От одиночества он стал водить компанию с двумя своими матросами, но тут и уважение иссякло, посыпались жалобы, что он пьянствует с подчиненными. Деньги у них он тоже занимал, а долгов не возвращал, и они начали огрызаться, присвоили себе старшинство и, наконец, совершенно подобрали досмотрщика под ноготь, так что гоняли яхту по собственным делам, куда заблагорассудится, а досмотрщик просто был при них.

Подчас, стоило ему засидеться сложа руки, приходил проверяльщик, понукал:

— Ставь-ка паруса и вперед!

— Куда?

— Да куда угодно, черт побери, лишь бы плыть!

Так его понукали, и он снимался с якоря и выходил в море — без цели, без надежды прийти в гавань.

Однажды — он тогда уже десять лет плавал — в Сандхамн пришла телеграмма, что жена его при смерти и надобно ему вернуться домой. Но ветер был неблагоприятный, а до Ландсорта далеко, поэтому домой он добрался только через сутки, уже вдовцом.

Радости от семейной жизни он видел не очень-то много, ведь домой заезжал всего два раза в месяц, но, что ни говори, дом есть дом — можно ощутить под ногами твердую почву, посидеть у огня, поесть горячего.

После похорон произвели опись имущества и увезли все вещи на аукцион.

Теперь не осталось у него на суше ни единого пристанища, и он круглый год жил на яхте. Яхта эта, старая уже, начала уступать действию времени, ветра и воды, стала темной и ветхой.

Грот был в заплатах, мачта выкрашена коричневой масляной краской, а каюта — грязно-желтой, как больничные койки. Прежде жена раз в три месяца украшала окошки-иллюминаторы белыми занавесками, теперь же голые темные отверстия зияли черной пустотой. Бегучий и стоячий такелаж посерел от дождей, корпус отяжелел, подгнил и плохо слушался паруса.

На борту царит молчание, потому что теперь досмотрщик разговаривает с матросами только при маневрировании, и, когда погожим летним утром какая-нибудь прогулочная яхта выходит из внутренних шхер и видит черные снасти и неуклюжий корпус, который медленно, по-стариковски устало ползет по воде, новички-пассажиры средь смеха и песен спрашивают, что это за гроб такой.
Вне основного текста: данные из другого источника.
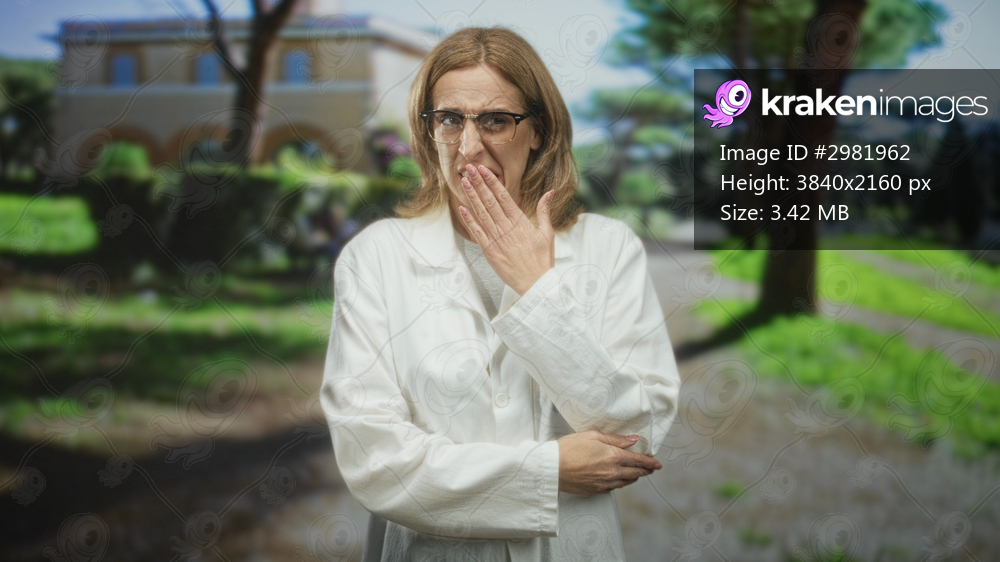Woman doctor covers mouth with hand on building pathway, white lab coat and glasses visible; disgust concern.
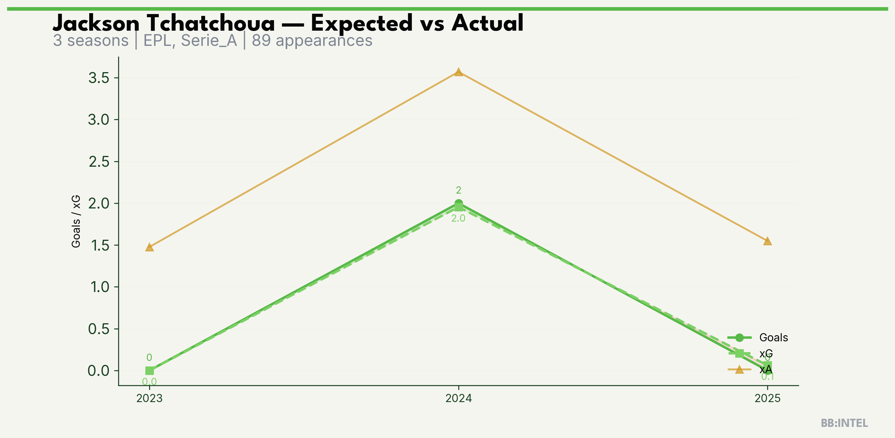 | 2024/2025 | Serie_A | 36 | 2 | 2.0 | 3.6 | 18 | +0.0 |
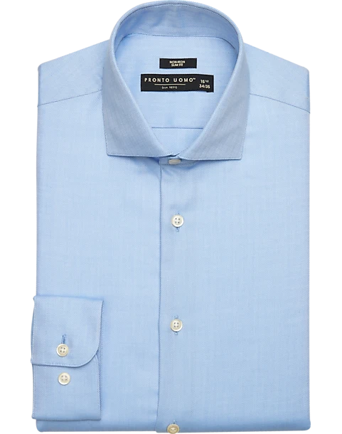 With a Slim Fit for a trim look that leans more modern, this dress shirt from Pronto Uomo offers the added convenience of a non-iron finish to put wrinkles in their place. Slim Fit is slim and tapered across the chest, shoulders, armholes, waist and sleeves without compromising on comfort. Recommended for more triangle body types (broad shoulder and chest, narrow waist and hips).
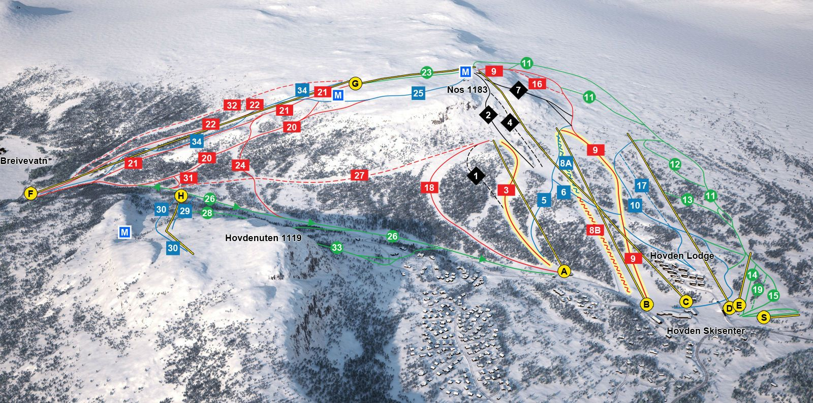 Se alle fakta om Hovden Alpincenters piste, løjper mv.
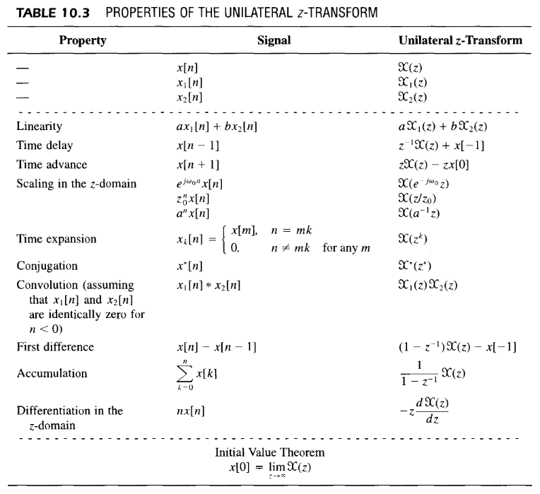 time advance $x[n+1]$를 보면 $zX(z)-zx[0]$로 나타나는데 이는 $\frac{dx}{dt}$의 Laplace transform인 $sX(s)-x(0)$와 일치하는 부분입니다.
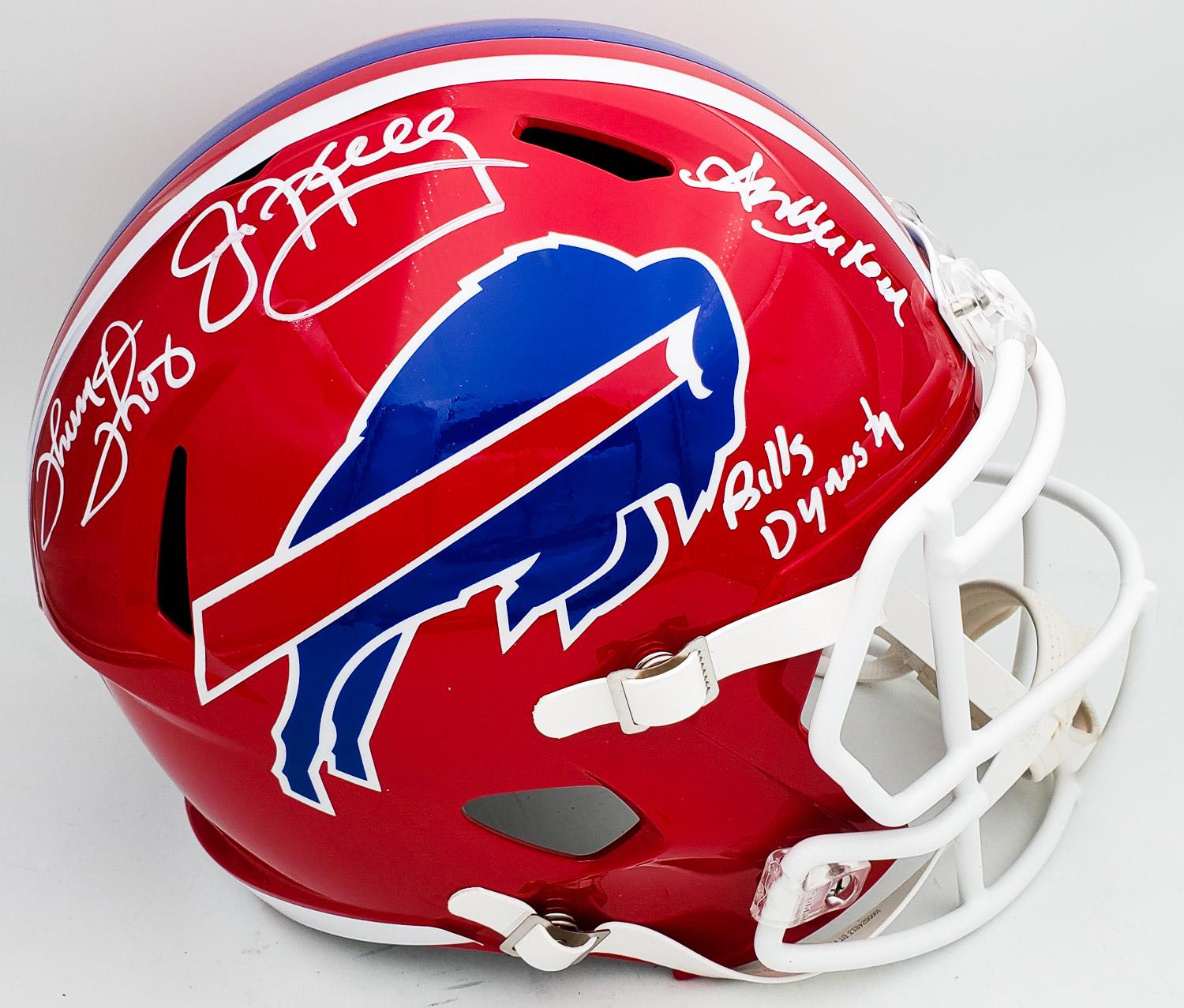 Jim Kelly, Thurman Thomas & Andre Reed "Bills Dynasty" Signed Full Size Replica Bills Speed Helmet (Beckett Witness Certified)
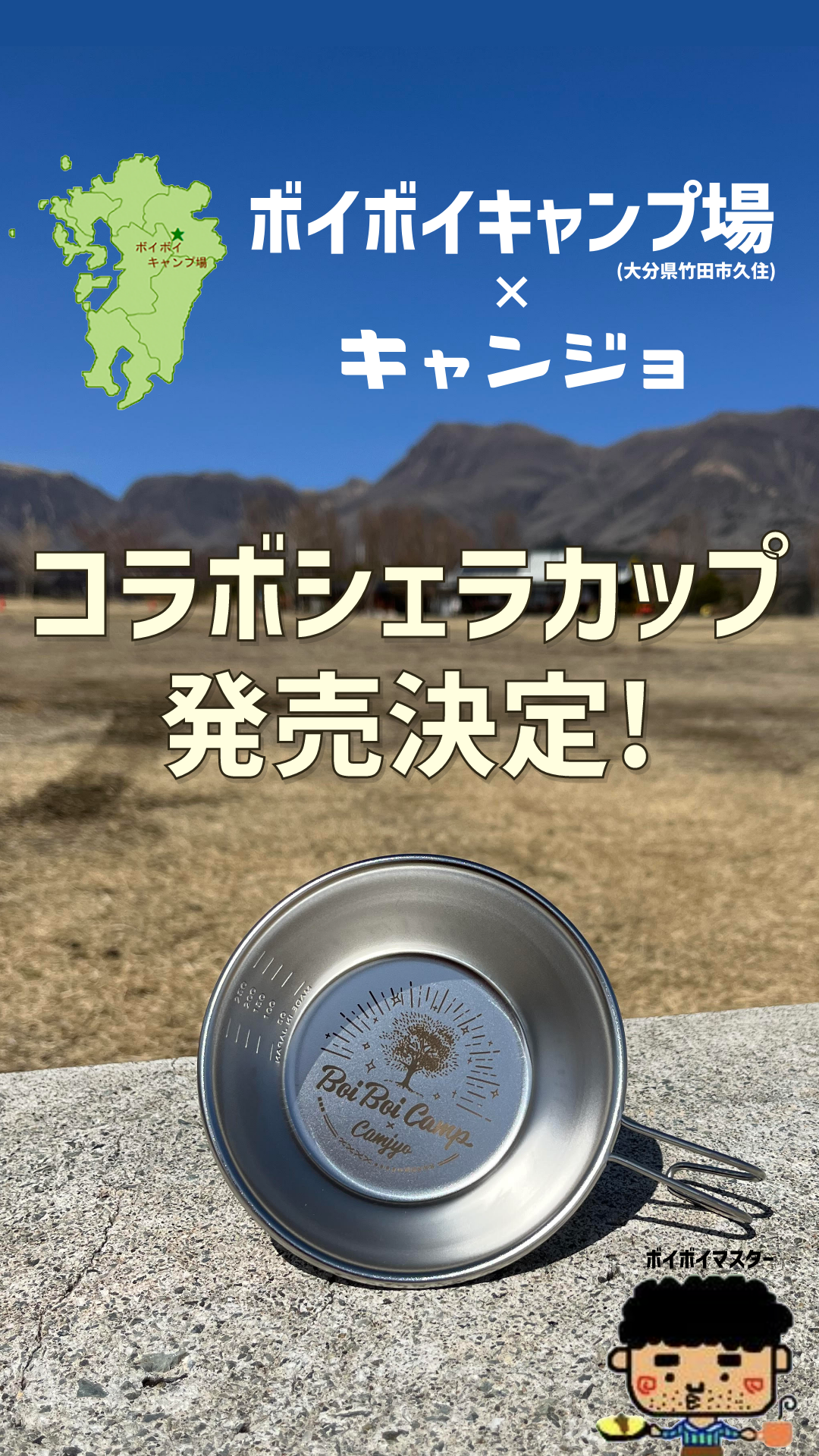 九州のキャンプを盛り上げる、キャンジョとボイボイキャンプ場がコラボ!オリジナルデザインのシェラカップの発売を開始しました!

— Летучий Голландец! — отвечает рулевой, молодой оптовик в вязаной английской фуфайке с синими полосками.

Когда же корабль-призрак скользит мимо, теперь всегда мимо красного домика с белыми наличниками, что стоит под яблонями на скалистом мысу, и молчаливый рулевой видит украшенный цветами и листьями праздничный шест и танцующую молодежь, он велит поднять топсель и штормовой кливер и правит в открытое море, где нет ничего, кроме неба и воды. Там он ставит к рулю матроса, достает скрипку и играет чайкам да тюленям, а те, привлеченные непривычными звуками, кричат и ревут, каждый на свой лад, и заводят пляску вокруг темного суденышка и мрачного его шкипера.

Играет он, кстати сказать, вещицы совершенно незамысловатые и непримечательные — старинные танцы и марши, любимые в пору его юности, когда он видел вокруг веселые лица и сидел на почетном месте. И сам выглядит отнюдь не примечательно и не романтично. Маленький сухопарый провинциал-таможенник, кривоногий от стояния у руля, реденькие бакенбарды, бледное худое лицо — словом, вовсе не тот бравый моряк, каким девушки представляют себе командира таможенной яхты.

Настает ноябрь с его штормами и снегопадами, и тогда старая яхта делается похожа на трухлявый дуб, покрытый свежей листвою. Морские брызги украшают такелаж гроздьями ледяных кристаллов — будто люстра в хрустальных подвесках; снег, точно вата меж оконными рамами, лежит на салинге, гафеле и гике, а черный корпус и палубу затягивает синеватая корочка льда. Бывало, густые черные тучи с медно-красной каймою закроют полнеба и воздух нальется снежным сумраком, и тогда сухопарый человечек у руля, в овчинном полушубке и шапке из тюленьей кожи, весь в снегу, словно тоже обретает толику величия и силы; кажется, будто, натягивая хрусткий залубеневший шкот, его худая рука в варежке властвует ветром, а другая рука сжимает румпель, направляет яхту по темно-зеленой воде, по льдинам, которые судно подминает под себя, и они скребутся о киль и всплывают за кормой, а руль приподнимается на своих крючьях и снова падает, сотрясая весь такелаж, откуда на палубу градом сыплются сосульки.

И тогда несколько часов, отдавая все силы схватке, досмотрщик живет — ради чего? Ради этой схватки! А когда добирается до маяка и смотритель потчует его чашкой кофе и водкой, он с удовольствием думает, что выдюжил.

— Собачья погода! — вот и все, что он способен сказать, так как давно перестал размышлять о бесцельности долгого рейса, который придет к концу, когда придет конец ему самому.

А отогревшись на маяке и вздремнув на полатях, он выходит на воздух, глядит по сторонам.

— Пожалуй, можно снова выйти в море! — говорит он матросам.

И они отчаливают.

Загрузка...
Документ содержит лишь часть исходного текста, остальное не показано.